Some diseases, such as metastatic breast cancer are known as “undruggable” or best described as unresponsive to treatments. To address this challenge, researchers developed a new tool that focusses on RNA molecules that read genes and help build proteins that can be targeted by therapeutic compounds.
The RNA discovery tool is called Chem-CLIP-Fragment Mapping and published in the article , "A general fragment-based approach to identify and optimize bioactive ligands targeting RNA," with findings reported in the Proceedings of the National Academy of Sciences (PNAS).
"It allows us to tackle very hard molecular recognition problems to enable us to make lead medicines across multiple indications," says Chemist Matthew Disney, PhD, of Scripps Research, Florida. "This opens great potential to redefine what's truly 'undruggable.'”

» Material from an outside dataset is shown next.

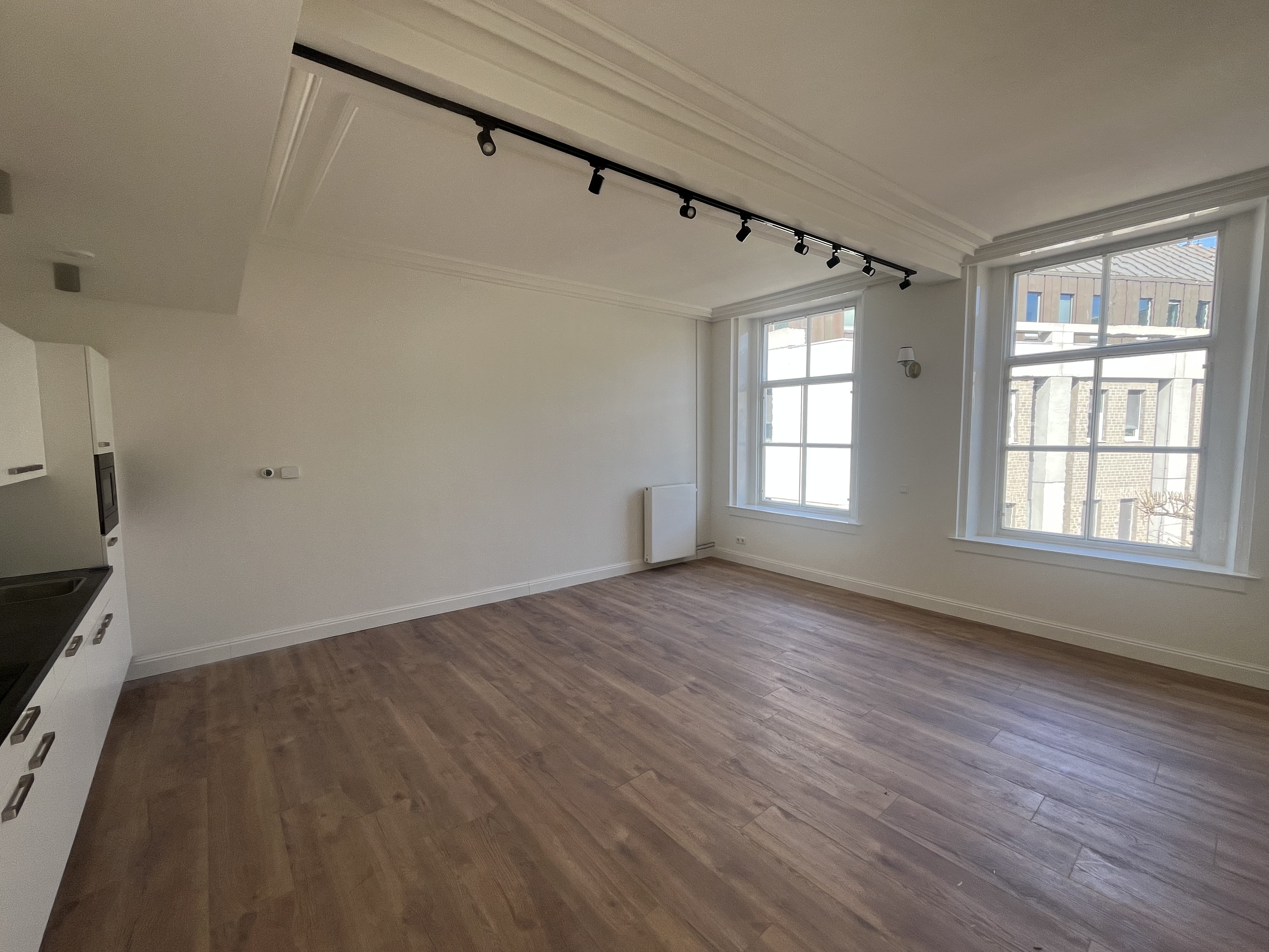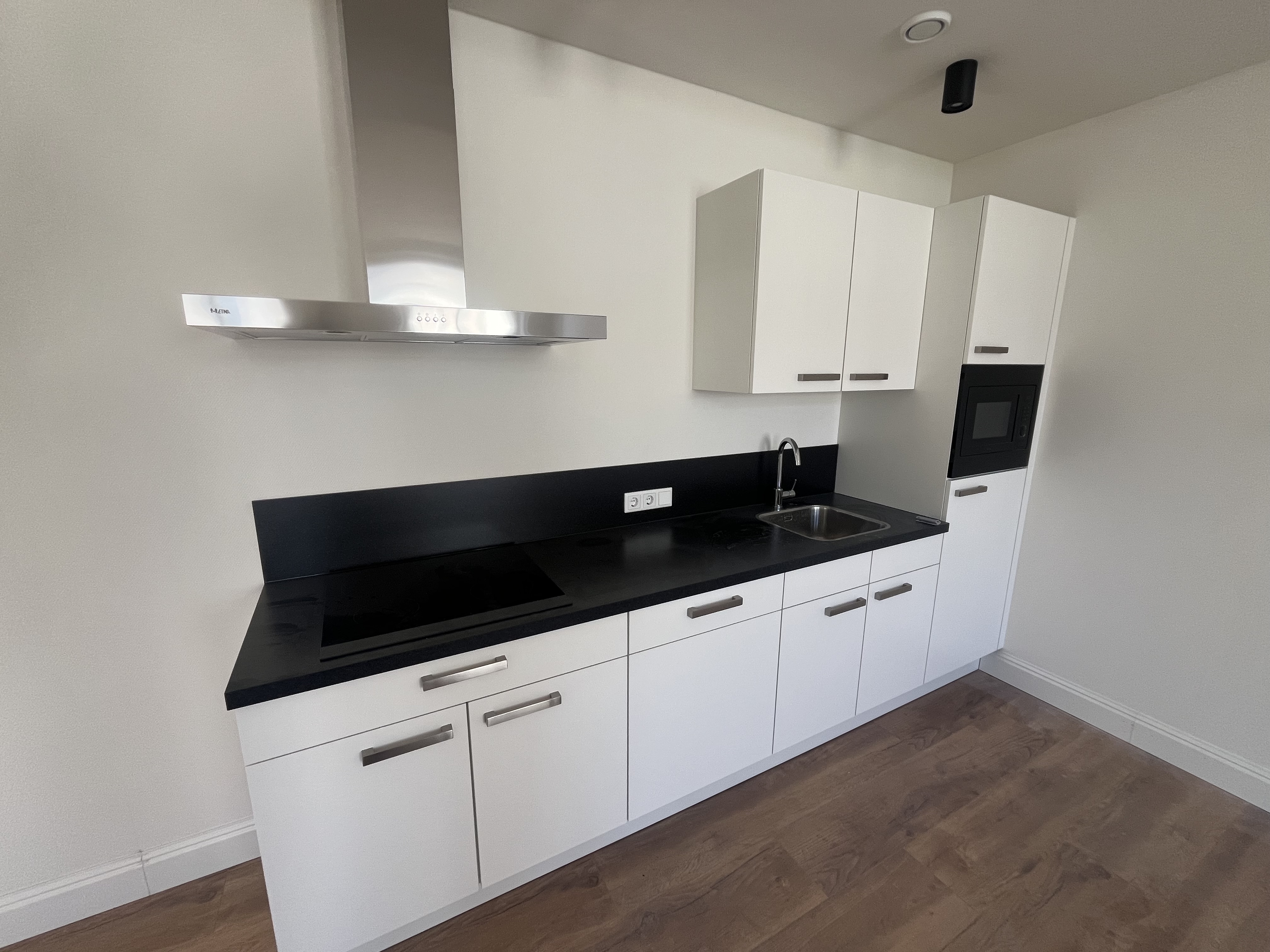 Het appartement zelf is zorgvuldig gerenoveerd om een perfecte balans te creëren tussen historische charme en modern wooncomfort. U betreedt de eerste verdieping via de eigen voordeur met ruime hal en vindt een lichte, ruime leefruimte met een stijlvolle laminaatvloer. De moderne keuken is uitgerust met hoogwaardige apparatuur, waaronder een inductiekookplaat, vaatwasser en een combi-oven/magnetron, waardoor koken een genot wordt. Vanuit de hal stapt u zo het privé dakterras op, een ideale plek om te ontspannen en te genieten van de frisse lucht.
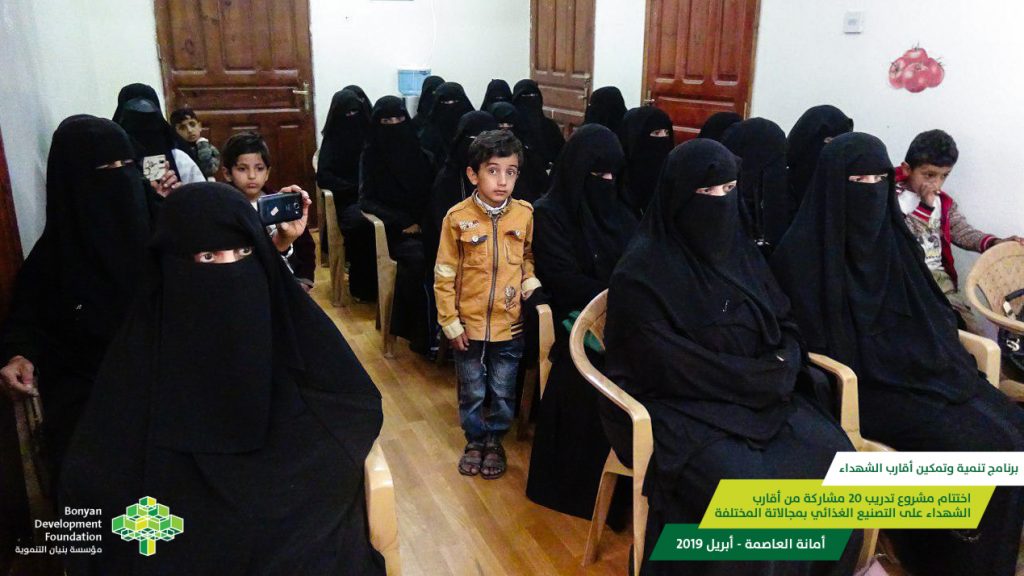 وهدف المشروع التدريبي خلال الفترة من 17 مارس – 24 أبريل 2019م، إلى اكساب 20 مشاركة من أقارب الشهداء عدد من المهارات والخبرات حول كيفية تصنيع و إنتاج العصائر ، الصلصة ، الشطة ، المعجنات، والمربيات والمخللات.

The tool utilizes a light-sensitive module called a diazirine group that covalently crosslinks to RNA with exposure to UV light.
"The system helped us optimize the fragments to design bioactive complexes with higher selectivity and potency as compared to starting fragments," Blessy Suresh says. "We were able to screen 460 fragment-based probes in just a couple of hours. This screening method can be easily scaled up to a much more high-throughput format."
"This is what Scripps Research is, we develop tools," says Scripps Research Chemist Christopher Parker, PhD. "Our collaborative environment allows us to do this."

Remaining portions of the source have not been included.